BEGIN Data for analysis
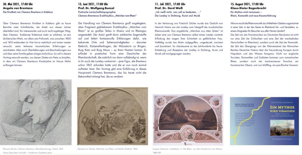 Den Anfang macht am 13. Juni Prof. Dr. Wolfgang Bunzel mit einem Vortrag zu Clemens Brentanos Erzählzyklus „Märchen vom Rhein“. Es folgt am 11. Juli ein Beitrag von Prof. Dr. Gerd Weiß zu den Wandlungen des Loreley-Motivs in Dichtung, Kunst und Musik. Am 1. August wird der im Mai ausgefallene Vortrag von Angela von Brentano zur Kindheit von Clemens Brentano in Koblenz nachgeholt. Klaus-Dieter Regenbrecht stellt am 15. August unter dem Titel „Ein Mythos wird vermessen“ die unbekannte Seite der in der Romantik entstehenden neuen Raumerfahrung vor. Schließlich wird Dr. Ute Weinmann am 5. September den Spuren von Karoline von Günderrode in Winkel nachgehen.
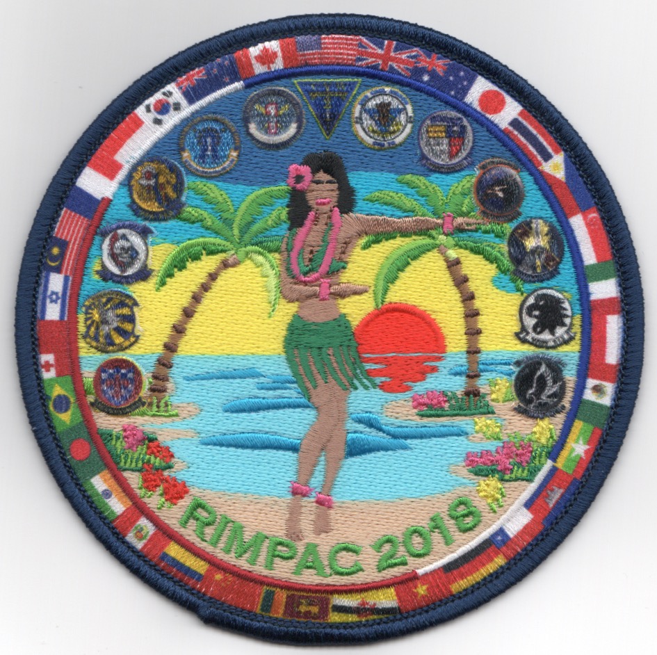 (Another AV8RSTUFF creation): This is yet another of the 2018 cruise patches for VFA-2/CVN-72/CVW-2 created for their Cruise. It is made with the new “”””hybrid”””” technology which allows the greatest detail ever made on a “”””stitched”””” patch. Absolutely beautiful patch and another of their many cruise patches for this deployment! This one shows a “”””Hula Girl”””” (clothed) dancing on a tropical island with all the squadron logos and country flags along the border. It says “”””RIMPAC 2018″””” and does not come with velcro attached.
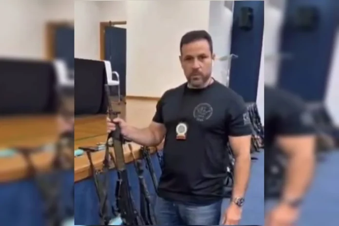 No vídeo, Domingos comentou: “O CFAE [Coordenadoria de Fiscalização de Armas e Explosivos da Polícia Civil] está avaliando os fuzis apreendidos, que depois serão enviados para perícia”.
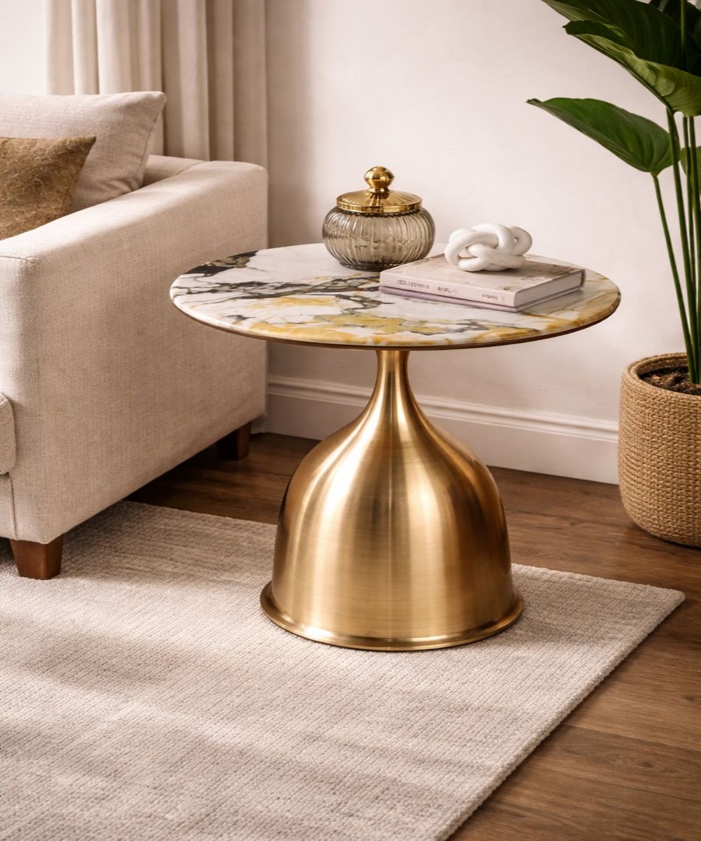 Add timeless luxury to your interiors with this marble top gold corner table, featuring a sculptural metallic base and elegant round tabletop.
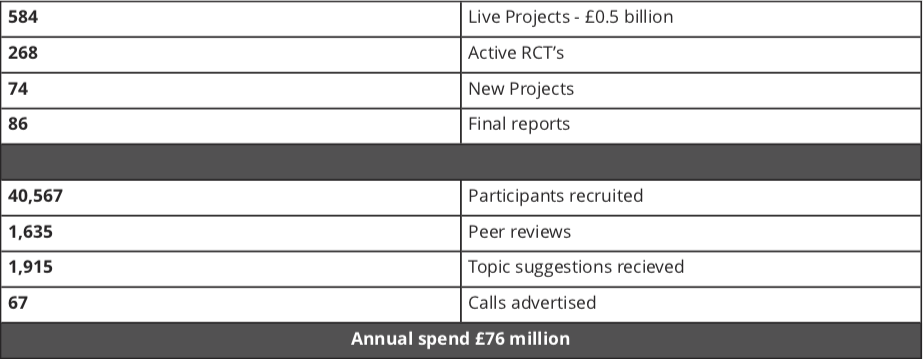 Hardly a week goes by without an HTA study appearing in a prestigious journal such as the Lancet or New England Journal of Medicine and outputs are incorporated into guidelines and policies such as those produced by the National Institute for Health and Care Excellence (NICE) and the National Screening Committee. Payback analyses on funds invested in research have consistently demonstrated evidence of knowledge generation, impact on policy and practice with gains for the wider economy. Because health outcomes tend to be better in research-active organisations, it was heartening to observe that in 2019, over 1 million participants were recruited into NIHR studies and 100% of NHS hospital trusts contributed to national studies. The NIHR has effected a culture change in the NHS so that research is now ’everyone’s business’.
END Data for analysis
# What to do:
From the records above, quote word for word only the lines beginning at the line that has "(Another AV8RSTUFF creation): This" and stopping after the line that has "Add timeless luxury". Omit the pictures.

# Output for this task:
 (Another AV8RSTUFF creation): This is yet another of the 2018 cruise patches for VFA-2/CVN-72/CVW-2 created for their Cruise. It is made with the new “”””hybrid”””” technology which allows the greatest detail ever made on a “”””stitched”””” patch. Absolutely beautiful patch and another of their many cruise patches for this deployment! This one shows a “”””Hula Girl”””” (clothed) dancing on a tropical island with all the squadron logos and country flags along the border. It says “”””RIMPAC 2018″””” and does not come with velcro attached.
 No vídeo, Domingos comentou: “O CFAE [Coordenadoria de Fiscalização de Armas e Explosivos da Polícia Civil] está avaliando os fuzis apreendidos, que depois serão enviados para perícia”.
 Add timeless luxury to your interiors with this marble top gold corner table, featuring a sculptural metallic base and elegant round tabletop.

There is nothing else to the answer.